We compared Nginx and Erlang in roughly the same role as edge servers: delivering HLS video with caching from a DVR server.
The load was approximately 2 Gbps, host with 24 cpu cores.
When comparing the results of perf stat, a significant difference in the number of page faults becomes evident: 10/s for Nginx versus 4K/s for Erlang.
This is problematic. The flamegraph shows that a lot of time is spent inside readv and exc_page_fault.
Running strace -f -e trace=memory revealed an unexpectedly high number of mmap/munmap calls, which seems strange — why free memory only to allocate it again immediately?

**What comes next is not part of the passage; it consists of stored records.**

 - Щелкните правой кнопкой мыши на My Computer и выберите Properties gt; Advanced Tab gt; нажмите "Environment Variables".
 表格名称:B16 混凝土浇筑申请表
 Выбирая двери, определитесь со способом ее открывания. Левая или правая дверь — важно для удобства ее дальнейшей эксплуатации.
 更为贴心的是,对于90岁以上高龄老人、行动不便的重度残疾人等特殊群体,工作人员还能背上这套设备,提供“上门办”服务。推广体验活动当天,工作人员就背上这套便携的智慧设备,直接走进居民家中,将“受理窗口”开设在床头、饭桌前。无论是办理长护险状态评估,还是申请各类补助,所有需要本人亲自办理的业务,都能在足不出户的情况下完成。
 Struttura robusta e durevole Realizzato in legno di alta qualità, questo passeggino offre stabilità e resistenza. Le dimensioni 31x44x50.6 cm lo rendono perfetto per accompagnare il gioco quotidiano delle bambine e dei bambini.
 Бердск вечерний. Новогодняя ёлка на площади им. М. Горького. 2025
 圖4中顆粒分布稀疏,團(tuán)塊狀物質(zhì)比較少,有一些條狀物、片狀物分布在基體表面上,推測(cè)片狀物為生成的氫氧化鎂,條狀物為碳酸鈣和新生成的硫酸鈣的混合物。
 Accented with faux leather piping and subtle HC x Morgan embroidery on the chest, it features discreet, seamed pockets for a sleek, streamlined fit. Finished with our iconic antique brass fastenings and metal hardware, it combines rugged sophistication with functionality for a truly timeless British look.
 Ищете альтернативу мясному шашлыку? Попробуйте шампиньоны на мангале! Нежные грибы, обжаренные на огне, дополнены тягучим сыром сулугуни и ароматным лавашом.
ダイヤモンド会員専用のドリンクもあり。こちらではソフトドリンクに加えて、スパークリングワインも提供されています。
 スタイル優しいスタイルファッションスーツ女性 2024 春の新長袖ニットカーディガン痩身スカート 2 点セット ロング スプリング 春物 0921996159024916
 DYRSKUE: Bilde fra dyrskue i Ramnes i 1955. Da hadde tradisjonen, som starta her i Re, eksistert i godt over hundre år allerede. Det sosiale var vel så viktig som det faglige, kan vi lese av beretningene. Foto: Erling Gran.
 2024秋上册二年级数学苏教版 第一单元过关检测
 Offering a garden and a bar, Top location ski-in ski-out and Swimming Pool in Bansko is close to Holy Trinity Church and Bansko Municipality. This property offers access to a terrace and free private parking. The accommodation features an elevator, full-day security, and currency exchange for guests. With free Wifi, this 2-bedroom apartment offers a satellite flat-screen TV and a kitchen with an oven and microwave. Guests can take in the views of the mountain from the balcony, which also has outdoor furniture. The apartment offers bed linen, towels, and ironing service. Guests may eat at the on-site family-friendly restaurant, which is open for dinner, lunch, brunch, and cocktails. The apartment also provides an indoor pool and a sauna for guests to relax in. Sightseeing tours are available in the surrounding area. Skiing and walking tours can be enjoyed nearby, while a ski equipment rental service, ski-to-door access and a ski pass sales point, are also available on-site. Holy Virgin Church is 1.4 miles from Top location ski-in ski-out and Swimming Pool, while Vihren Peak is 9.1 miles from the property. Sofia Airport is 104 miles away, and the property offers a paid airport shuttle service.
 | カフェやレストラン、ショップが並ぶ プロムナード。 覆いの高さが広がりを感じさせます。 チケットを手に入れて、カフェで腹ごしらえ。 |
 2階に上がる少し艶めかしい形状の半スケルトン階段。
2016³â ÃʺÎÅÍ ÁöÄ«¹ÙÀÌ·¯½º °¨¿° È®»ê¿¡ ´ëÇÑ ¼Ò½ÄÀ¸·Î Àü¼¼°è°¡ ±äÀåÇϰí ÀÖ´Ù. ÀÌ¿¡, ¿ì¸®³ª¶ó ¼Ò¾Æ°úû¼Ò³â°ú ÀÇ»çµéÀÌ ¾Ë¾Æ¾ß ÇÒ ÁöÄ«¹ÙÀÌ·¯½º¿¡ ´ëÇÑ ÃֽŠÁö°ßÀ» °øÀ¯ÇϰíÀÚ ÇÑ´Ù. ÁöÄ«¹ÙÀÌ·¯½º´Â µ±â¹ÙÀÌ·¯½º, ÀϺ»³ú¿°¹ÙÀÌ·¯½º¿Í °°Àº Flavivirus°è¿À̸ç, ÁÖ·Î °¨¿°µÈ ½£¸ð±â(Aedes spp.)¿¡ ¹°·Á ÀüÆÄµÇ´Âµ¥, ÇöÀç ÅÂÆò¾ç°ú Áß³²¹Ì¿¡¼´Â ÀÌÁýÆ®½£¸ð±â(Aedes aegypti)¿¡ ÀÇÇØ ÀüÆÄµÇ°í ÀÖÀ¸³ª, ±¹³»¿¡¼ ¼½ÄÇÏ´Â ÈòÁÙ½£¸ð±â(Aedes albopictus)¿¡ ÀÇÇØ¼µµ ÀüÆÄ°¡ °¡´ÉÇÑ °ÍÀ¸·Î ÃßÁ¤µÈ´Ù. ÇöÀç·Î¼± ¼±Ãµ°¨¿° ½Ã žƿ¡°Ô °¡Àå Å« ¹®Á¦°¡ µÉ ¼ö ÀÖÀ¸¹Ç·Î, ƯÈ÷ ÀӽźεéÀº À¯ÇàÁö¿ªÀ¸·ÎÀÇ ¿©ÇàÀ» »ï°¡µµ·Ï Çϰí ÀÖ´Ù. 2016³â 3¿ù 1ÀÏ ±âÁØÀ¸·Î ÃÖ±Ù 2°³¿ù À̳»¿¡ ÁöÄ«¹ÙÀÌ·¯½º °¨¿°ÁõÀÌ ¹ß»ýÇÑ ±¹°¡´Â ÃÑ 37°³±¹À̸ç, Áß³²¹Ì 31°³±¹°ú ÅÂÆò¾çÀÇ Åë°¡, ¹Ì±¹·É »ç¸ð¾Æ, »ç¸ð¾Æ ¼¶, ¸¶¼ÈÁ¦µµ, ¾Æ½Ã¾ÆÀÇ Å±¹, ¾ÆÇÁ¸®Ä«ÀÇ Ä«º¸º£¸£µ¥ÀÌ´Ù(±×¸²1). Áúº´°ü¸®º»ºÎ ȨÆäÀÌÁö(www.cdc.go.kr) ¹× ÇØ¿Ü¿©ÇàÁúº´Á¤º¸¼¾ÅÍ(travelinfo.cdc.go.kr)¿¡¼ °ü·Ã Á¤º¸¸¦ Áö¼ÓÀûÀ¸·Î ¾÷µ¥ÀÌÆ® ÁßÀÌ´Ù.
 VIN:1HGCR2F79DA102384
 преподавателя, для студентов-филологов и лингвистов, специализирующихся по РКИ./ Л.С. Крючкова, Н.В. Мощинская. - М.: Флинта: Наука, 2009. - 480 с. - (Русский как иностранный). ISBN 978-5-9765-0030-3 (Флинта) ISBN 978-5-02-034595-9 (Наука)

The issue can be partially mitigated by enabling the super carrier, but as traffic increases, it may become insufficient, causing page faults to rise again.
Gradually, by adapting the server to different loads. Interestingly, the latest change was aimed at making memory allocation more efficient. Earlier settings were different: +MMmcs 30 +MBas aoffcaobf +MBsbct 8192 +MBsmbcs 64000 +MBlmbcs 128000 +MBmbcgs 3 +MBacul 10 +Mdai 16
I probably need to check this.
However, the result without any tuning was seemingly the same.
I see. You say you noticed a high number of mmap / munmap calls. Have you ruled out nifs and/or sys allocations? Related, have you looked at +Musac true ?